Le 7 avril il écrit de nouveau :


« J’ai de bonnes raisons de croire que le traité relatif au partage de plusieurs districts polonais est revenu hier ici, de Vienne, avec les ratifications, et qu’avant peu toute l’affaire sera rendue publique. Le roi de Prusse a donné vingt mille écus au comte de Solms, et j’ai peine à croire qu’il ait agi ainsi sans bien savoir ce qu’il faisait. Le département des affaires étrangères est ici fort occupé en ce moment. On expédie courrier sur courrier, probablement pour annoncer la fin de la négociation. J’ai la complète certitude que la cour de Vienne non-seulement a tout caché au cabinet de Versailles, mais encore l’a amusé de demandes propres à lui faire croire qu’elle ne consentirait jamais à un agrandissement territorial de la Prusse. »

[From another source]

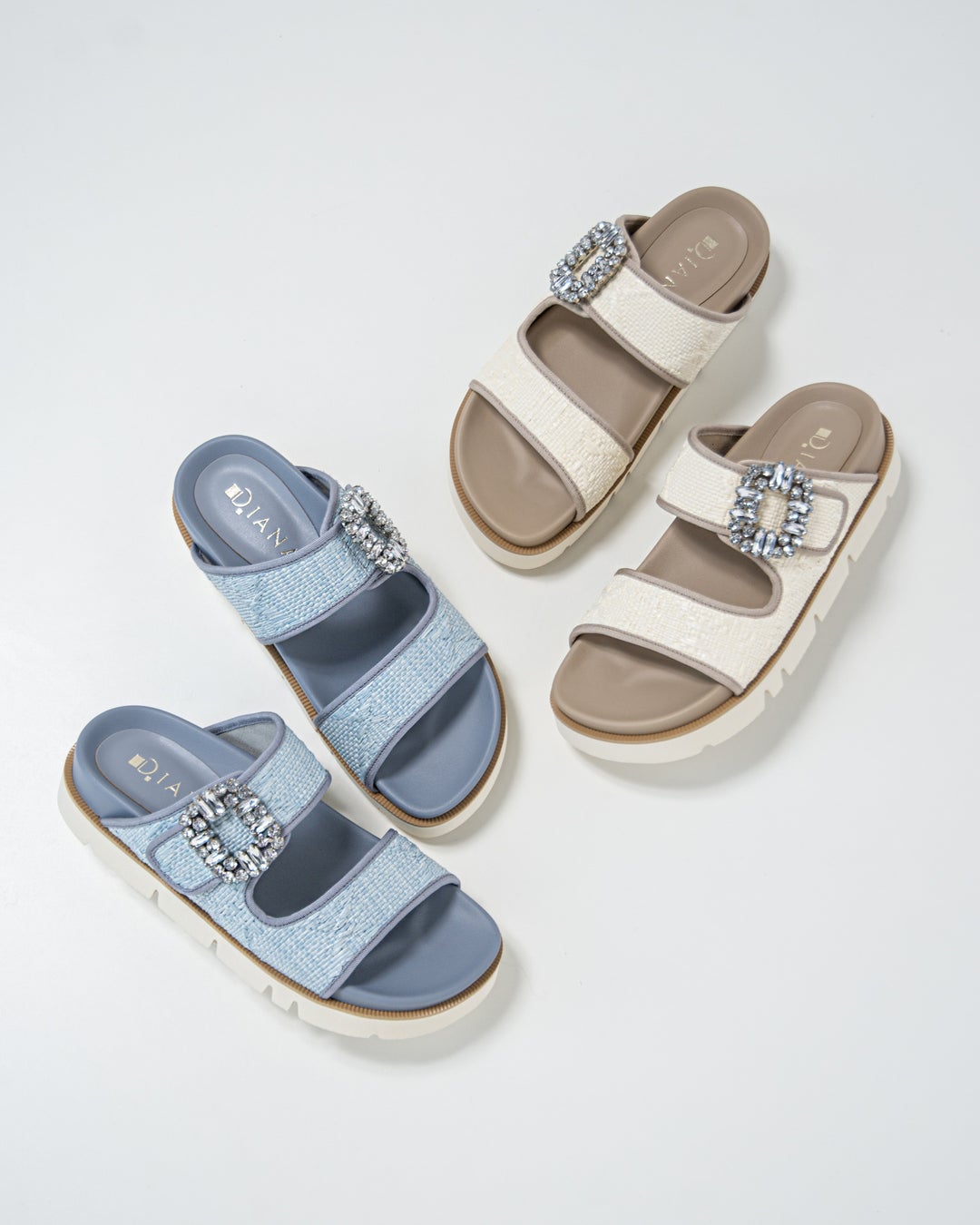 【ダイアナ】大ぶりのビジューが華やかなフットベットサンダルにWEB限定カラーが登場!

La première réponse que nous trouvions à cette communication est datée du 20 juin 1772. Lord Suffolk écrit à M. Harris :


« J’apprends de Varsovie que la consternation causée à la cour par les projets de démembrement est aussi grande qu’on pouvait s’y attendre. L’ambassadeur de Prusse, jusqu’à ces derniers temps, a témoigné la plus grande incrédulité et protesté de sa profonde ignorance de tout traité de partage; maintenant, sans rien avouer positivement, il se montre très affecté de nouvelles reçues de sa cour qu’on suppose relatives à cette affaire. En même temps le ministre d’Autriche à Saint-Pétersbourg prétend être fort mécontent et fort dégoûté des prétentions du roi de Prusse. Il est inutile de chercher à former des conjectures sur cette curieuse affaire. — Jusqu’à quel point les trois cours sont-elles d’accord sur les détails, et que leur reste-t-il à arranger? C’est ce que nous saurons bientôt. — Pour ma part, je ne puis m’empêcher de penser qu’elles sèment le germe de troubles futurs au lieu d’assurer le repos et la tranquillité de celle partie de l’Europe.


Il ne faut pas craindre de continuer ces extraits : les réflexions qu’ils sont propres à faire naître iront certainement au-devant des nôtres.

  1. La convention dont parle M. Harris fut signée à Pétersbourg le 17 février 1772 entre la Prusse et la Russie; l’Autriche adhéra le 4 mars. Cette première convention fut suivie d’une seconde, conclue à Pétersbourg entre les trois cours le 5 août.